Make no mistake, though: The Suns do an absolute ton of hacking, and they usually get called for it.
“Refs officiate games with a certain rhythm. They’re used to a certain speed and rhythm. When you jump out of that rhythm, it’s easy for them to see, and you’re going to get called for it,” said Chandler, an NBA champion who joined the league as a teenager and went from committing more than 5 fouls per 36 minutes in his fifth season to eventually winning Defensive Player of the Year. Chandler added that the Suns, much like he was as a youngster, are often overeager to make a play, and wind up swiping or jumping when they shouldn’t.

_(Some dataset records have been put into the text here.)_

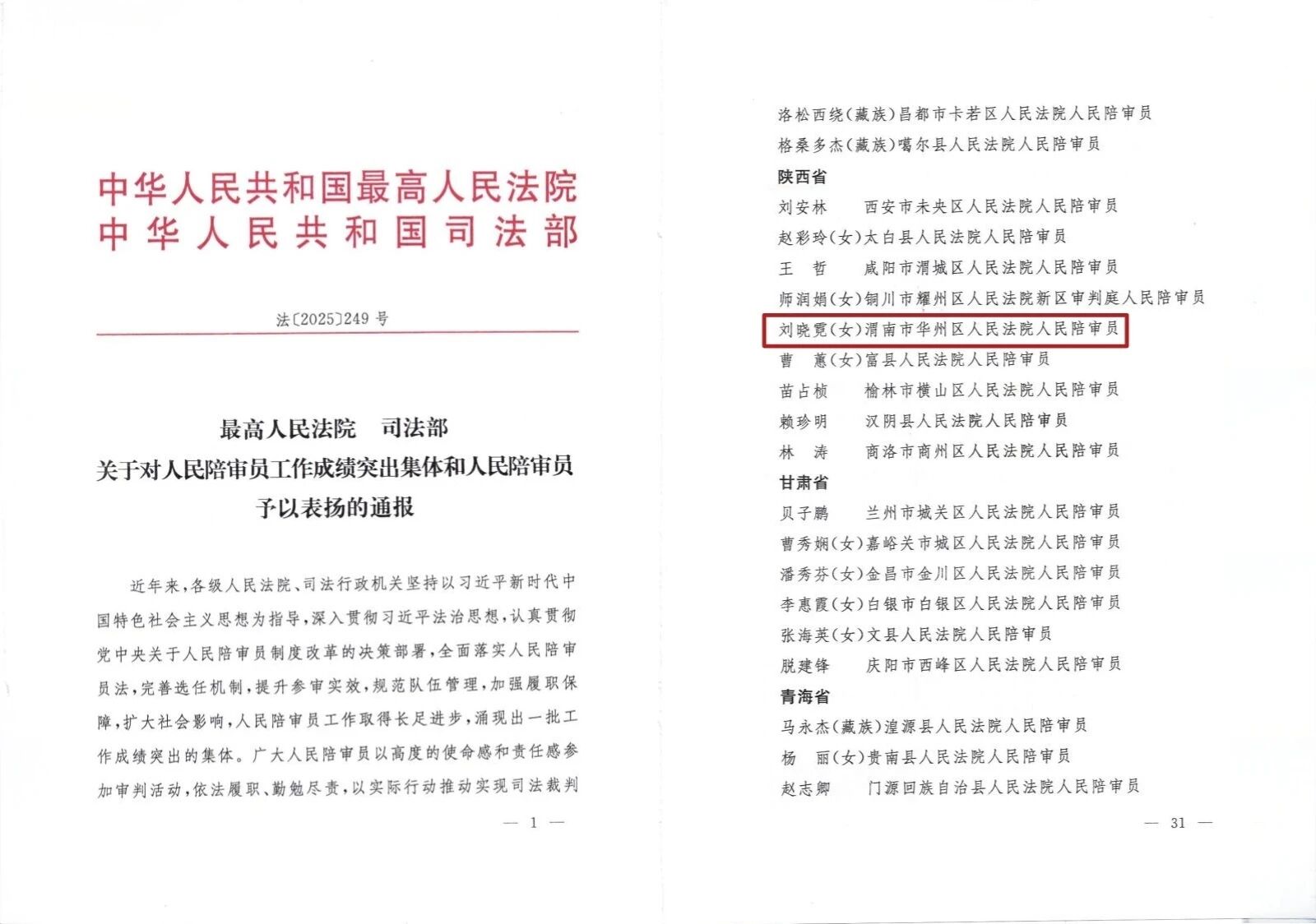 近日,最高人民法院、司法部印发《关于对人民陪审员工作成绩突出集体和人民陪审员予以表扬的通报》,华州区法院人民陪审员刘晓霓被通报表扬为“工作成绩突出的人民陪审员”,为渭南市唯一获此殊荣的个人。
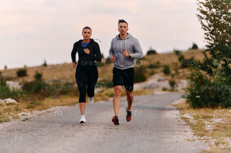 Пара в спортивной одежде бежит по живописной дороге во время утренней тренировки, наслаждаясь свежим воздухом и поддерживая здоровый образ жизни
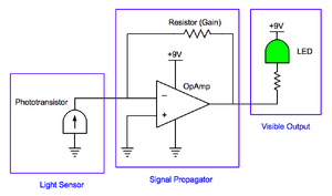 We can thus use these two devices to build a circuit that will operate similarly to our bacterial photography system: the photodiode will sense light and generate an electrical signal that will be detected by the LED which produces a color. Depending on your goals, it might be sufficient to build the circuit with the largest resistor in place for the OpAmp, since this circuit should behave identically to the bacterial photography system (i.e. the LED on in the dark and off when the flashlight is shining on the photodiode). If you'd like to explore the issue of "gain" in the signaling system, then the resistor associated with the OpAmp can be swapped out for smaller ones, and the system can be observed to behave less digitally since the gain will be proportional to the resistance.The instructions for this build are here.
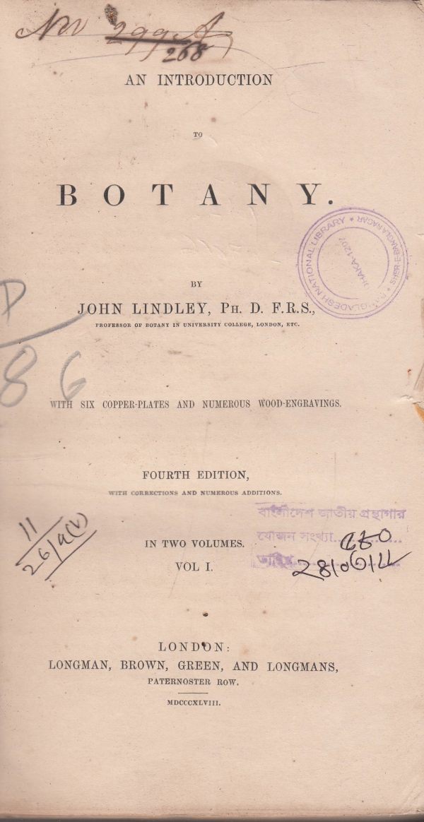 | 572.8BCM Microscope/ | 576.82 DAV. The Variation of animals and plants/ | 580 ESO. object lessons in botany/ | 580 LII An introduction to botany / | 580 STT A Text-book of Botany / | ৫৮০ মখউ উদ্ভিদ-বিচার / | ৫৯০ গপপ প্রাণি-বিদ্যা / |
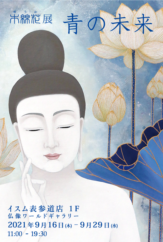 観音画家として活躍中の若手作家 木綿花(ゆうか)の、当ギャラリーでは2年ぶりとなる作品展です。平和や幸福の象徴とされる「青色」をテーマに描いた観音様や蓮華などの絵画や版画、51点を展示販売します。毎回売り切れとなる会場限定販売品「たまゆらキーホルダー」も、美しい青をまとって登場します。
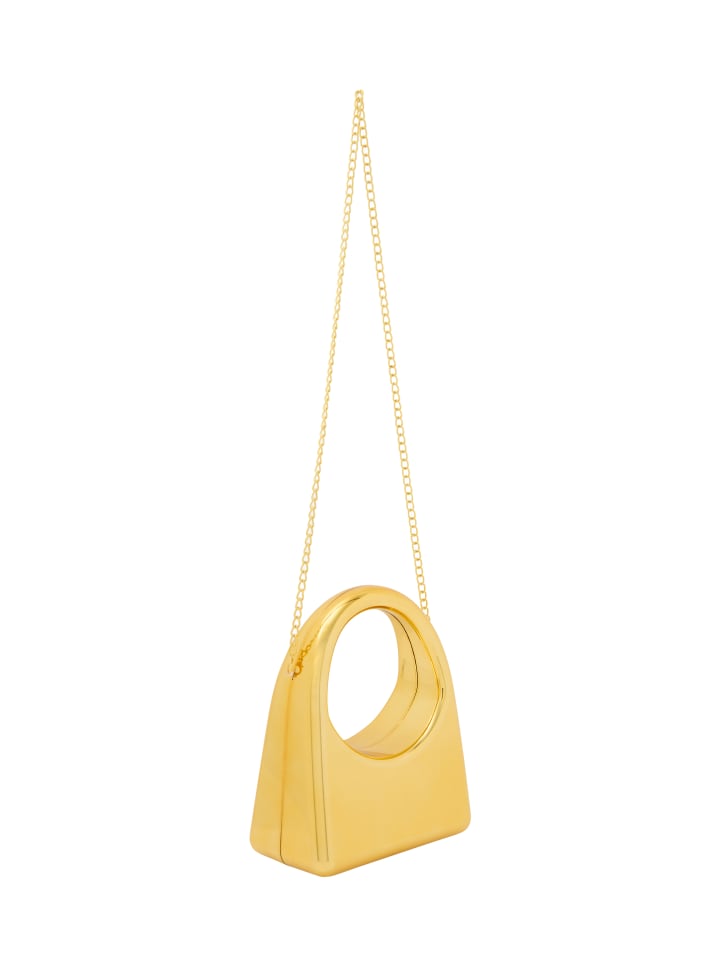 Подчеркните свой стиль с помощью этой потрясающей сумки, которая демонстрирует уникальный силуэт, с закругленным верхом и прямоугольным основанием. Встроенная ручка изящно изгибается для удобства переноски. Ее гладкая поверхность и декоративная застежка усиливают ее шикарную привлекательность. Идеально подходит для вечеринок, эта сумка также включает в себя дополнительную цепочку для универсального ношения.
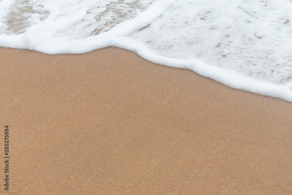 Sand beach with surfing wave of water for banner background.

Nevertheless, struggles and all, Watson is an eternal optimist. He takes ample time most days to walk through film of the team’s fouling tendencies, and he told me that he feels his team is only a reinforcement or two away from a huge turnaround if the young players keep developing.
“I was with OKC during Russ’s first year” — Westbrook, of course — “and I always let [my Phoenix players] know: That year, [the Thunder] won 23 games. The next year they won 50, and did it because their young guys had gotten so much experience and developed a supreme confidence.”
Phoenix may not go on to write the kind of success story that the Thunder did, at least not next season. But if putting in a year at the School of Hard Knocks helps this team improve on defense, maybe the Suns will eventually be able to say that this furious foul pace was a worthwhile learning experience.